From over the bastions, she said that she could see two ships side by side, one of which belonged to Grimaldi. She could not identify which ship the noise was emanating from, as the ship was approximately 400m away from the bastions, which were separated from her house by a row of houses. “To me it is irrelevant which ship is making the noise, the fact is that I can't sleep because of the noise and the noise is emanating from Palumbo shipyard.”

At first the residents thought it was from the land, but the police had told them that the noise was coming from the ship and had been told that it would be there for another ten days.
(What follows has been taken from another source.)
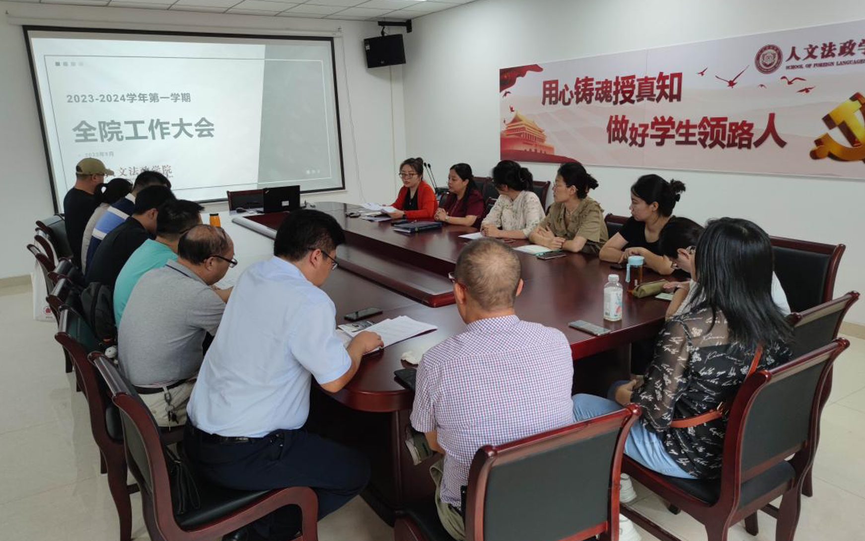 9月6日下午,人文法政学院在尚真楼208会议室召开新学期全院工作大会,回顾上学期工作,总结经验,部署新学期任务,确保本学期工作的顺利开展。副院长赵岚、党总支副书记王琳琳、院长助理俞星月及全体教职工参加会议。会议由赵岚主持。

Defence lawyer Matthew Brincat asked the woman how she could be so sure of the distance. Had she measured it, he asked. Spiteri replied that she had, as part of a recently completed mapping exercise for the council.

“When the jazz festival is held at Valletta waterfront, all Senglea hears it, and this dock is much closer.”

Paul McDonald, an expat from the US, told the court that he had filed three reports in January and that he had taken the video of the scene,which this reporter had been shown outside the court, capturing the elevated noise levels. The cacophony coming from Palumbo Shipyard was not limited to generator noise but included sandblasting, hammering and sawing with a metal saw, which operations the resident had filmed as proof . The young man confirmed that his sleep had been disturbed on several occasions. Answering a question put to him by lawyer Matthew Brincat as to whether he had managed to sleep after one particularly bad night, the witness replied “Yes, five days later”.

At the police station, it was concluded that the noise was coming from a generator, running "to keep the workers warm at night." However, the witness testified that the noises had included metal banging against metal and sawing through metal. He said he saw "what looked like welding sparks."

The residents stressed that they were not expecting a blanket ban on noise being generated by Palumbo Shipyards, but were simply asking for a ban on noise during the night.

On the instructions of the magistrate, court expert Prof. Joseph Agius will be measuring noise levels at the shipyard and in the residents' houses before the the case resumes tomorrow.

Lawyers Abigail Bugeja, Matthew Brincat and Kathleen Grima appeared for the defendants.